About this task:
From the listing below, restate word for word the lines from the line containing "OPENWORK KNIT BUTTONED SWEATER" down through the line containing "アギール サウス レイクの南には、ブラッドハウンド". Exclude pictures.

Information given:
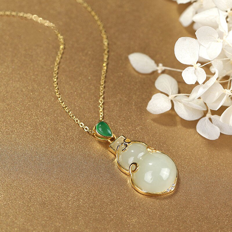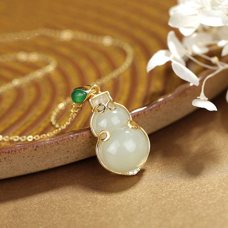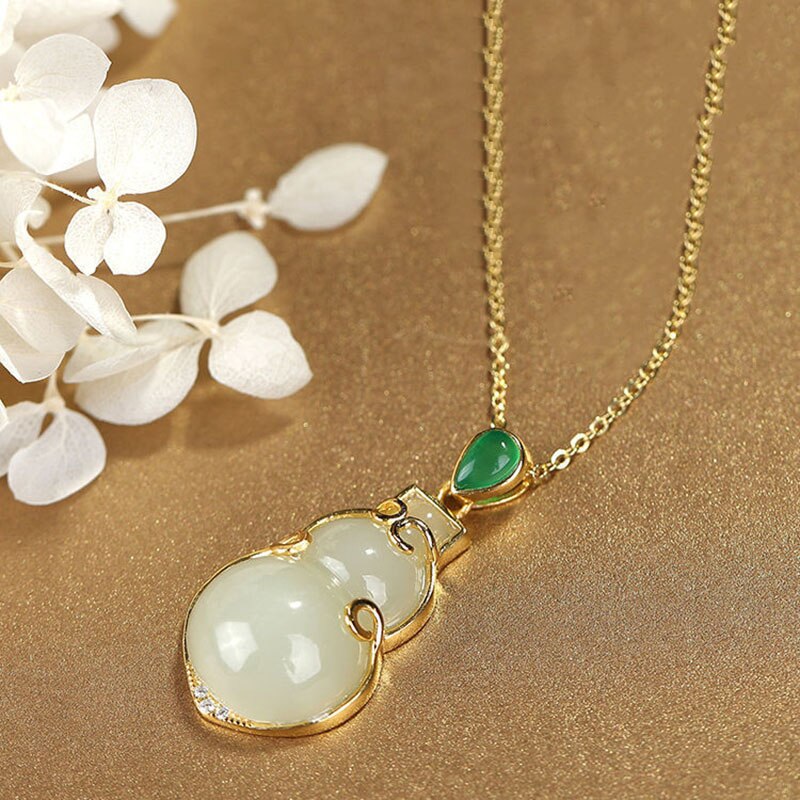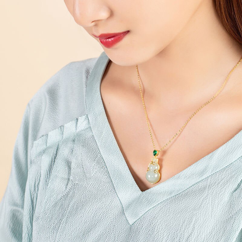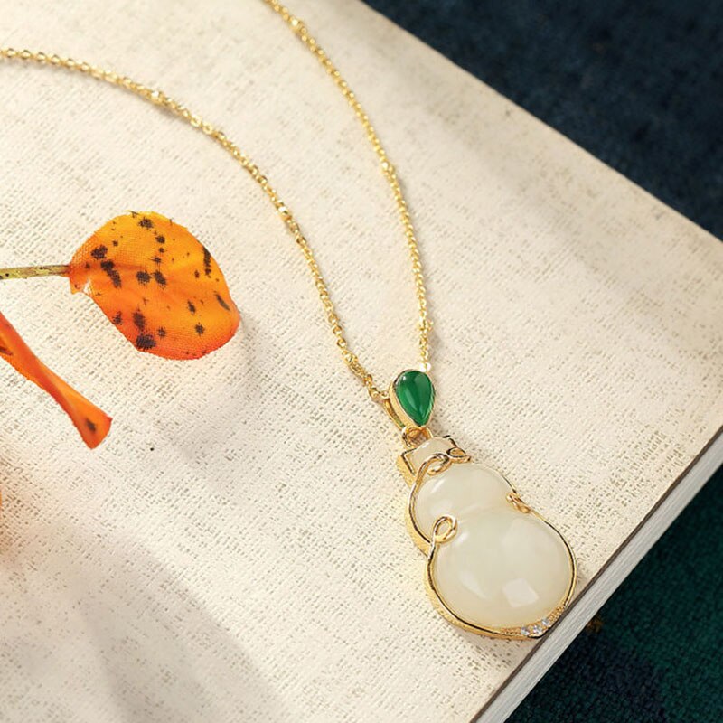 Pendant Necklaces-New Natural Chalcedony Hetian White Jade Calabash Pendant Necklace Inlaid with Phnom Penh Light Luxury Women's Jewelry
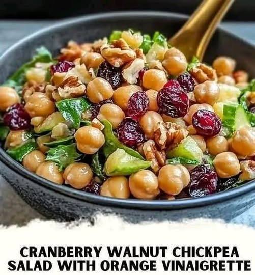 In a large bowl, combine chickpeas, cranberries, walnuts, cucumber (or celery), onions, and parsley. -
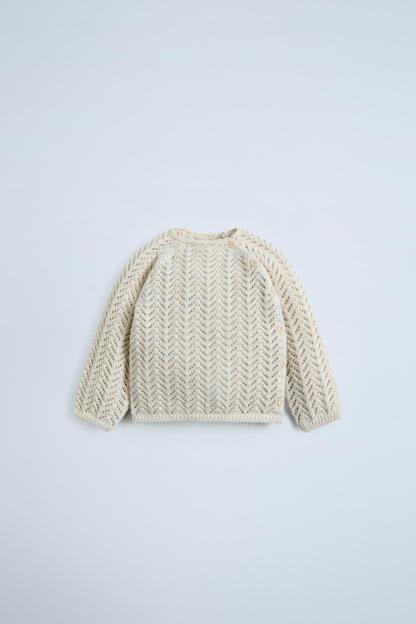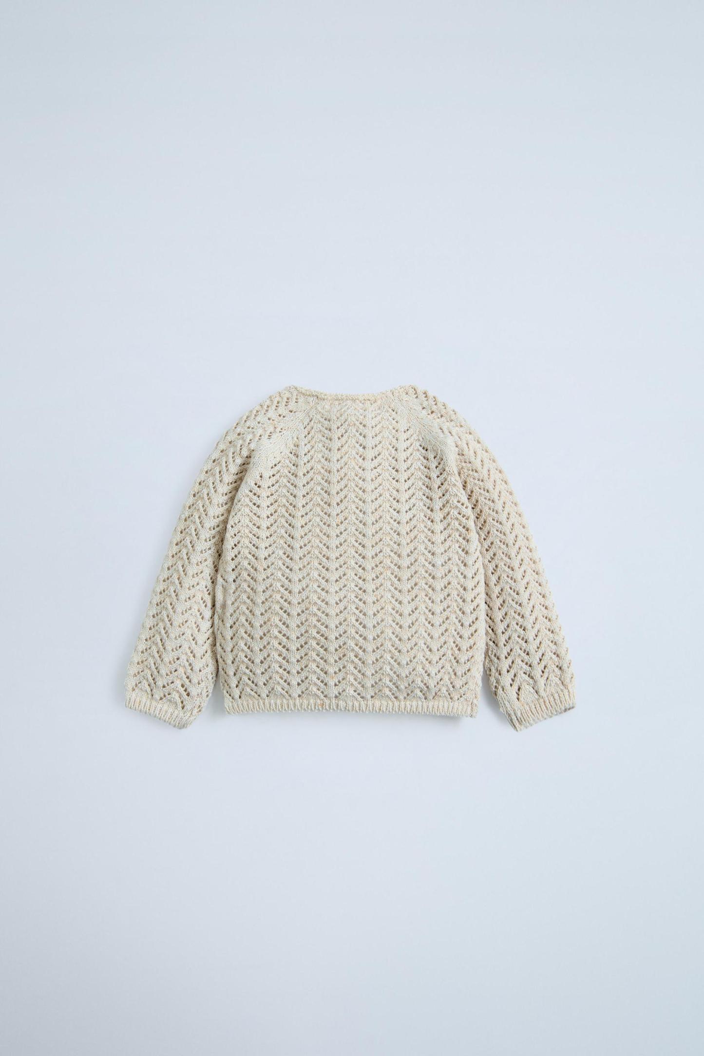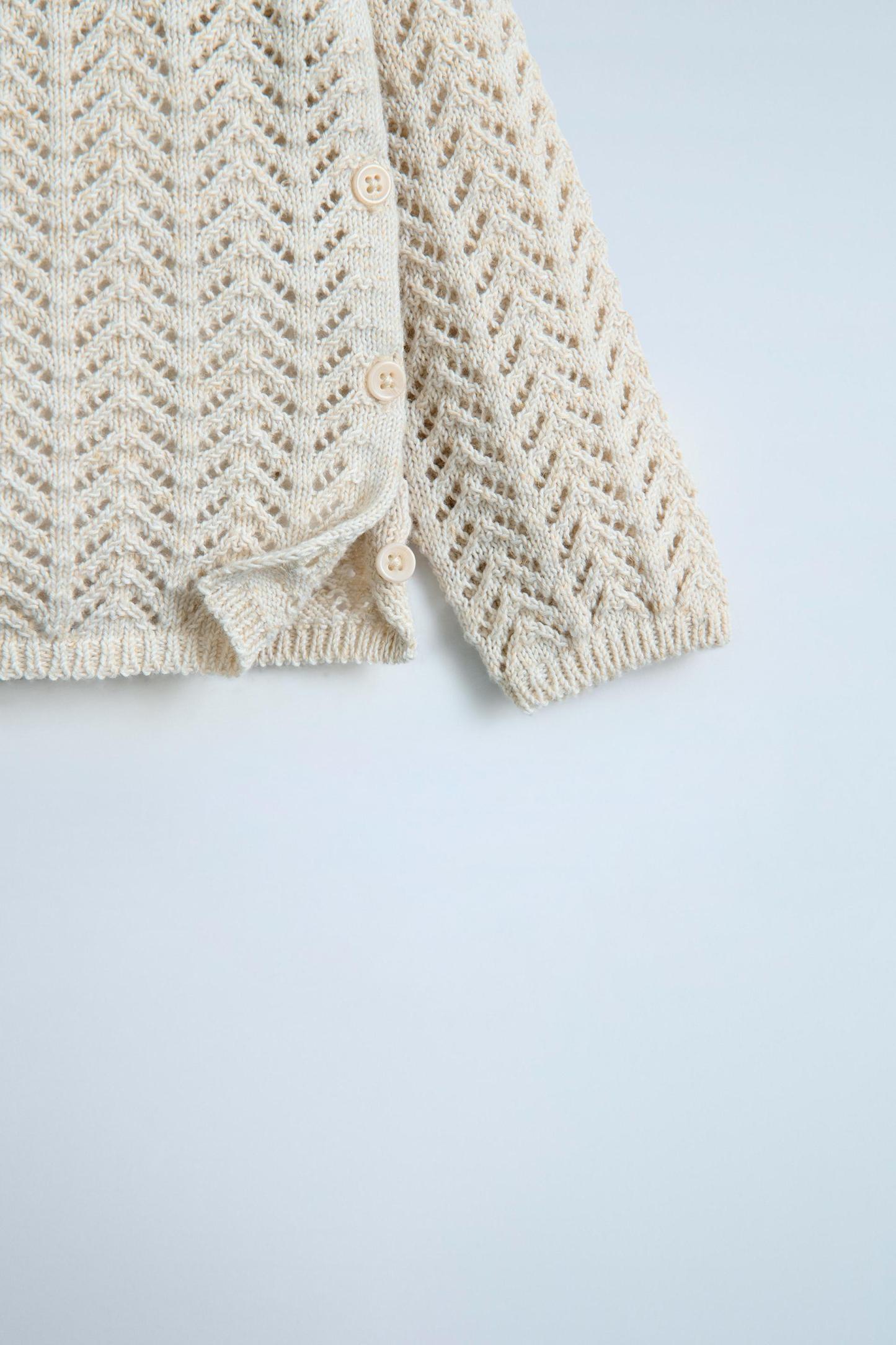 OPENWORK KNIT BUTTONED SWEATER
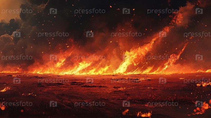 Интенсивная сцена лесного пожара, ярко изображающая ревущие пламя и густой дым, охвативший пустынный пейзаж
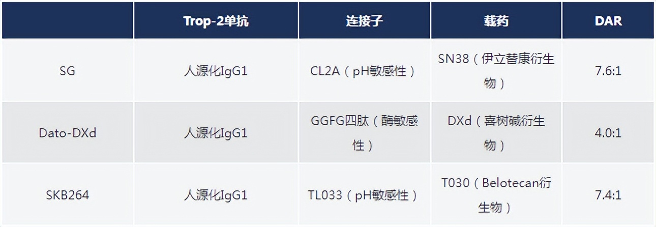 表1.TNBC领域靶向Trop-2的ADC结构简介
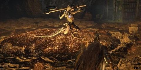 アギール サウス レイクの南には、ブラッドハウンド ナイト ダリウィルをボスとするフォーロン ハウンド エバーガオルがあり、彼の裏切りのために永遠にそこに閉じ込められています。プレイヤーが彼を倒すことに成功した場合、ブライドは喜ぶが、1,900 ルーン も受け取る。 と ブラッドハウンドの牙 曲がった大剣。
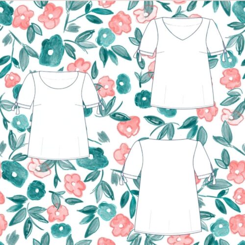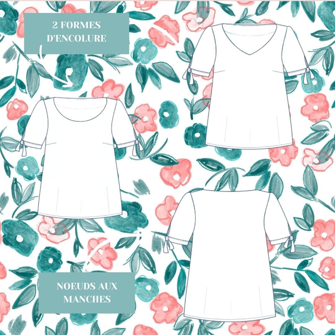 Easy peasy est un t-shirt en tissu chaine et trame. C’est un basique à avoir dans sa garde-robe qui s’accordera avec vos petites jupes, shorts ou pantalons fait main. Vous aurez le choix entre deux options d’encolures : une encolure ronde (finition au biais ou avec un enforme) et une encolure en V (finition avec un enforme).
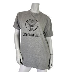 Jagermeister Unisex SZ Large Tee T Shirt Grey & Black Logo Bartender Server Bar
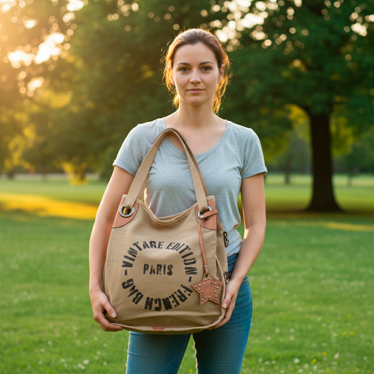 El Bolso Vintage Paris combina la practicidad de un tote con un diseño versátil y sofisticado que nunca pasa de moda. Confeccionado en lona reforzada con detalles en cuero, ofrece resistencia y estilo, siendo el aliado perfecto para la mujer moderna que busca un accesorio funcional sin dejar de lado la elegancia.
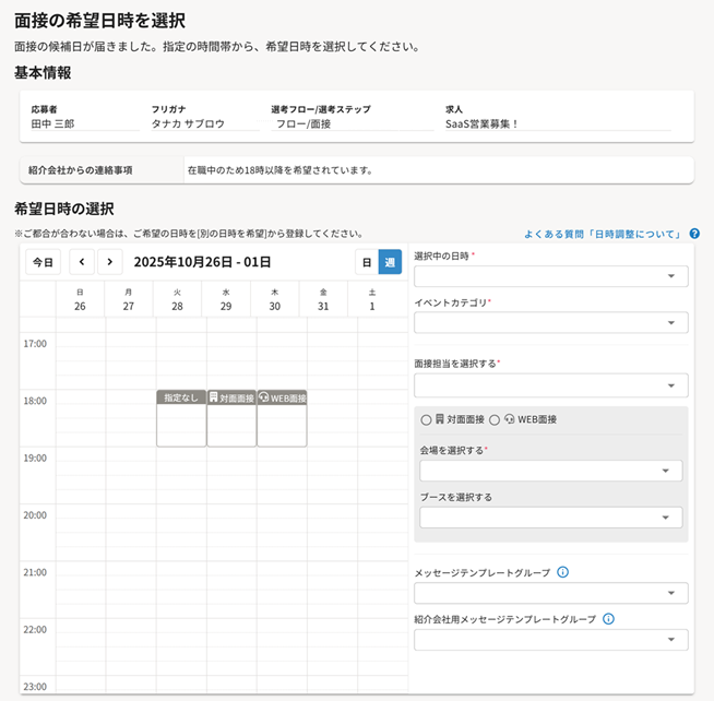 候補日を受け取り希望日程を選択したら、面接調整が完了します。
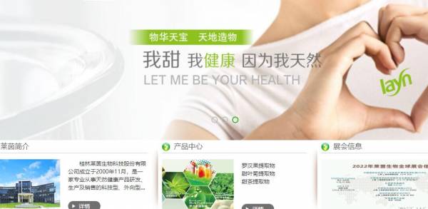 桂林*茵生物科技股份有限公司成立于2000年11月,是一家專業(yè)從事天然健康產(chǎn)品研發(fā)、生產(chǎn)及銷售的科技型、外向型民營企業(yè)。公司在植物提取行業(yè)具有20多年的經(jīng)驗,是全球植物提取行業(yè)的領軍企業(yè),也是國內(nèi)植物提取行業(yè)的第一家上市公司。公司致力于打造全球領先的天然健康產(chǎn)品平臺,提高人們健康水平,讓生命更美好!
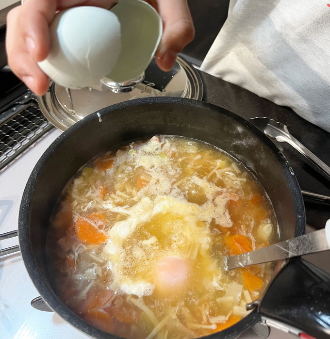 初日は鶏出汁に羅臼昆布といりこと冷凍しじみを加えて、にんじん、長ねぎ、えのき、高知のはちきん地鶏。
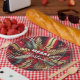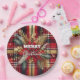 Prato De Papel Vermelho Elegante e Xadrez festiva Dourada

Exercise result:
 OPENWORK KNIT BUTTONED SWEATER
 Интенсивная сцена лесного пожара, ярко изображающая ревущие пламя и густой дым, охвативший пустынный пейзаж
 表1.TNBC领域靶向Trop-2的ADC结构简介
 アギール サウス レイクの南には、ブラッドハウンド ナイト ダリウィルをボスとするフォーロン ハウンド エバーガオルがあり、彼の裏切りのために永遠にそこに閉じ込められています。プレイヤーが彼を倒すことに成功した場合、ブライドは喜ぶが、1,900 ルーン も受け取る。 と ブラッドハウンドの牙 曲がった大剣。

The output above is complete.